IrAE incidence and maintaining low NLRs are the most established prognostic factors in treatment with ICIs14,15,16,27,28,29, and our data was consistent with these results. On the contrary, our results showed that the NLR was elevated at the development of Grade 3 or higher irAEs. Therefore, we analyzed how the subsequent prognosis was affected by these elevated NLR. Interestingly, patients whose NLR continued to increase or remained at high levels after irAE development showed considerably poor PFS and OS compared with NLR recovery patients. These results suggest that normalization of the NLR through therapeutic interventions may be a prognostic marker after the occurrence of severe irAEs. Patients with continuously elevated NLR were more likely to have pneumonitis. The association among the types of irAEs, the treatment given for them, and the subsequent prognosis will need further study. The precise mechanism that mediates increasing NLRs that correspond to an ICI-related poor prognosis remains unknown, and further research is needed to validate our results before putting them in clinical practices. However, if validated, following the trends in the NLRs may help to predict the prognosis of patients and influence their clinical treatment.

There were several limitations to this study, mainly because this was a single-center, retrospective analysis. In this study, we could not investigate NLR trends in irAEs other than pneumonitis and endocrinopathies due to the small sample size. Future work should investigate and analyze additional data on those irAEs to fully understand the association between irAEs and NLRs. The prognostic impact of the NLR trend after the irAE occurrence was analyzed across cancer types. Although there was no significant difference in the type of cancer among the groups, future work will focus on validating these observations for each type of cancer. We could not detect the risk factors for developing irAEs at the pre-treatment. Pavan et al. reported that a low platelet to lymphocyte ratio (PLR) was a risk factor for irAEs using multivariate analysis in advanced NSCLC43; however, our datasets did not reproduce these results (Supplementary Table S1). This discrepancy may be related to our patient background, as we included patients across various cancer types. However, unlike adverse effects with conventional chemotherapy, irAEs can develop months or years after the first administration. It may be difficult to predict the risk of irAEs from the immune status before treatment alone; thus, studies continuously monitoring immune conditions during treatment are needed.
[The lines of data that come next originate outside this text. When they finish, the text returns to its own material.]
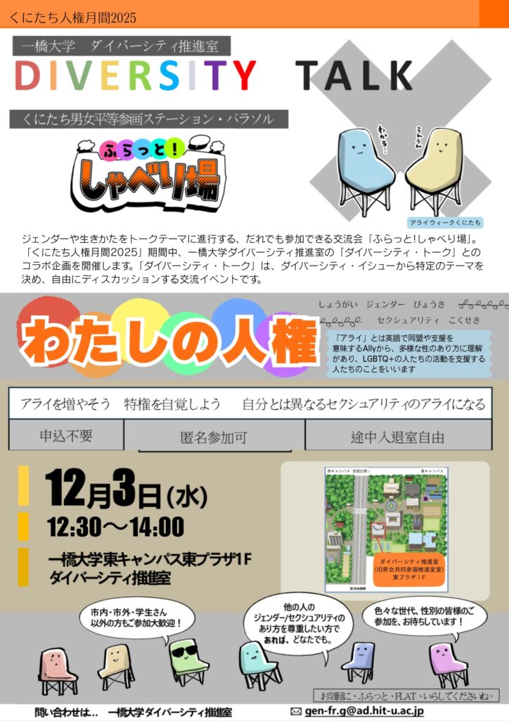12/3(水)ダイバーシティ・トーク×ふらっと!しゃべり場@一橋大学ダイバーシティ推進室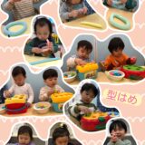 「給食は何が好きだった?」の問いかけに「カレー。」「ハンバーグ。」「スープ。」とたくさんのメニューを答えてくれました。「お水遊びも楽しかった。」や「英語遊び、おもしろかった。」など保育園で一緒に遊んだこと、楽しかったこと、嬉しかったことをお友だちや保育者と楽しくお話しながら、メダルを完成させました。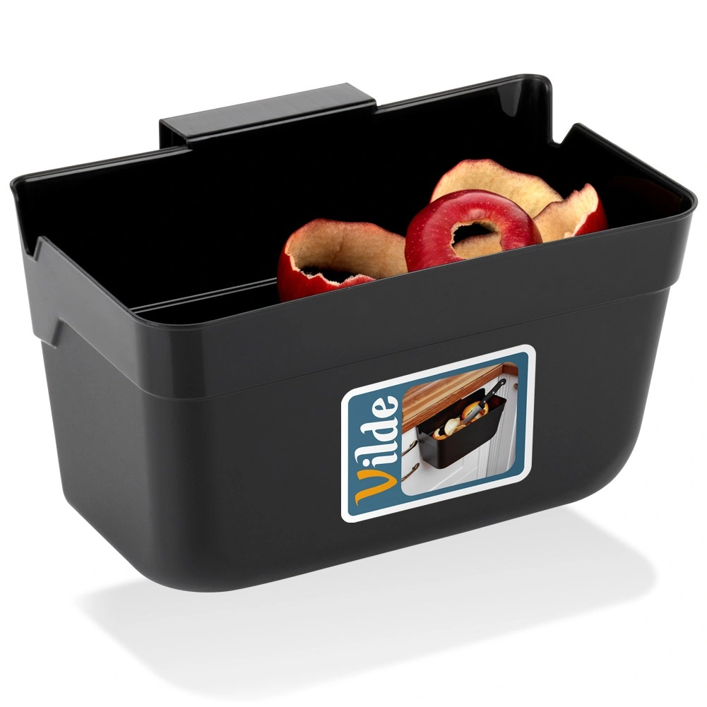 Praktična viseća kanta za vrata kuhinjskog ormarića ili ladicu ispod radne ploče za brzo odlaganje kora i ostataka tijekom kuhanja. Ima zapremninu 2,5 l i dimenzije 22,5 × 15 × 13,5 cm. Izrađena od kvalitetne plastike u crnoj boji, lako se čisti i zahvaljujući čvrstoj kuki sigurno stoji na rubu vrata. Održava red na kuhinjskoj radnoj plohi, štedi vrijeme pri čišćenju i idealna je za biootpad.

Finally, the prediction of irAEs using routinely available tests has great clinical value. We currently regularly conduct many laboratory tests and diagnostic imaging for the early detection of irAEs. If our results are further validated, we may screen cases of irAEs using the NLR before conducting diagnostic organ-specific tests or imaging tests. This will help reduce the patient burden, decrease sample collection, and improve the healthcare economy. As ICIs have broad indications, many patients may be treated with ICIs44. Our results will contribute to promote the proper management of ICIs and help guarantee patient safety.
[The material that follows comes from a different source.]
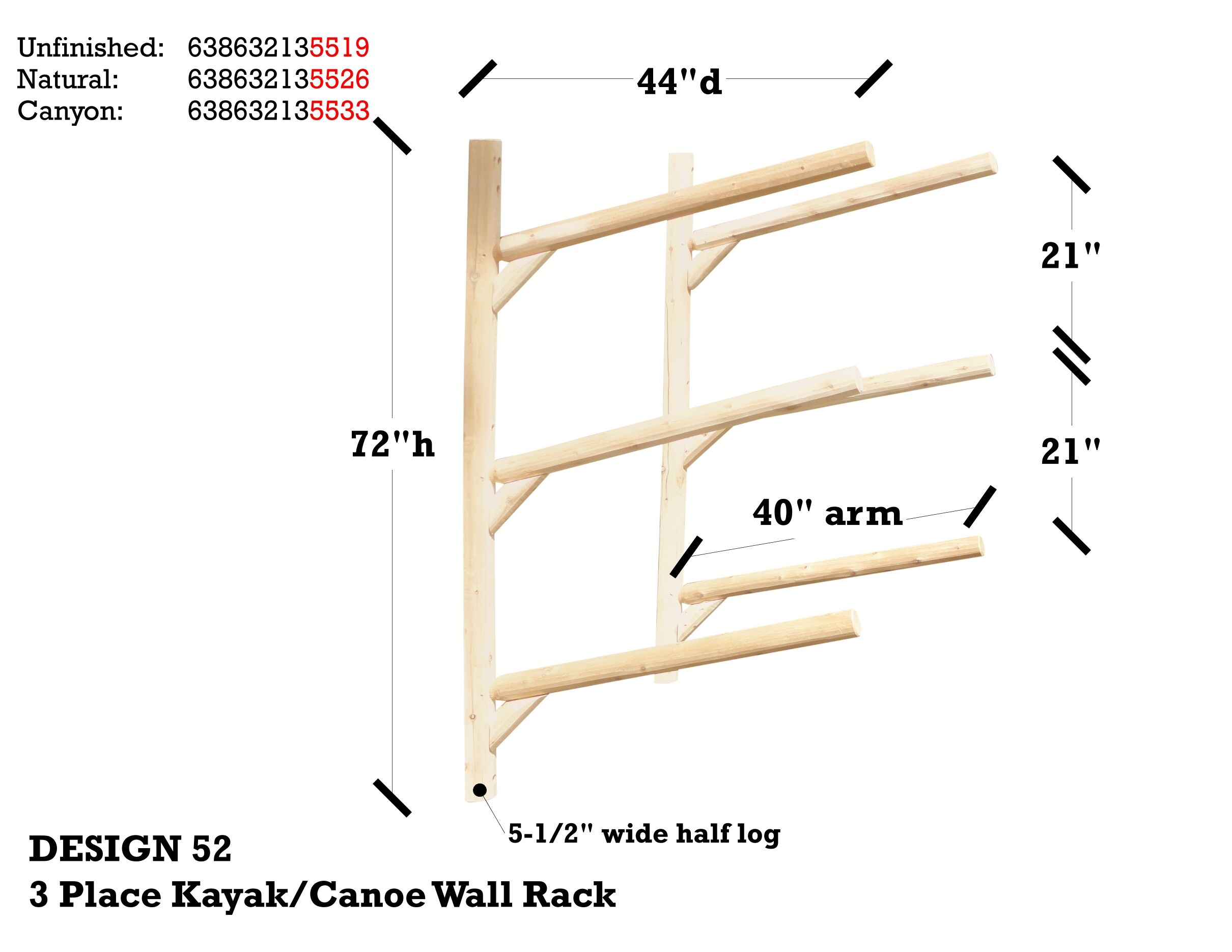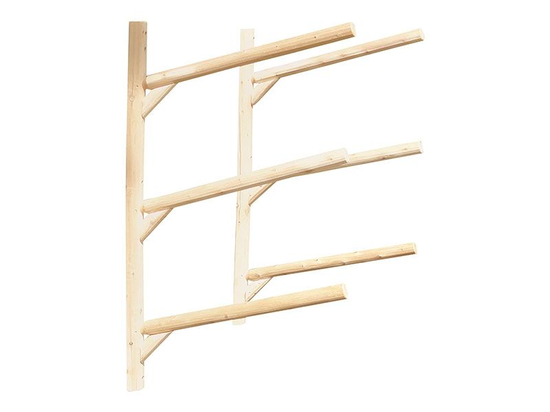 The 3 Place Wall Mountable Kayak Rack is constructed from Northern White cedar which is rated best for weather resistant. Each rack has 4 5/8 inch post and feet and 3 in rails. Each rack is glued, bolted, and screwed with galvanized screws. Joinery where arms meet posts are 2 inch mortise and tenon giving full strength. Kayak Rack comes disassembled, but is very simple to put together with the torque-bit found in assembly kit and a cordless drill or the like.

In conclusion, we found that the elevation of the NLR was correlated with the severity of irAEs. In particular, following the NLR trend could help predict the onset of pneumonitis and the patient’s prognosis after the occurrence of a severe irAE. Although further research is needed on irAEs in other organs, continuous monitoring of NLR trends and an understanding of its characteristics has the potential to be useful in estimating irAE onset, severity, and subsequent prognosis of patients undergoing ICI-based therapy.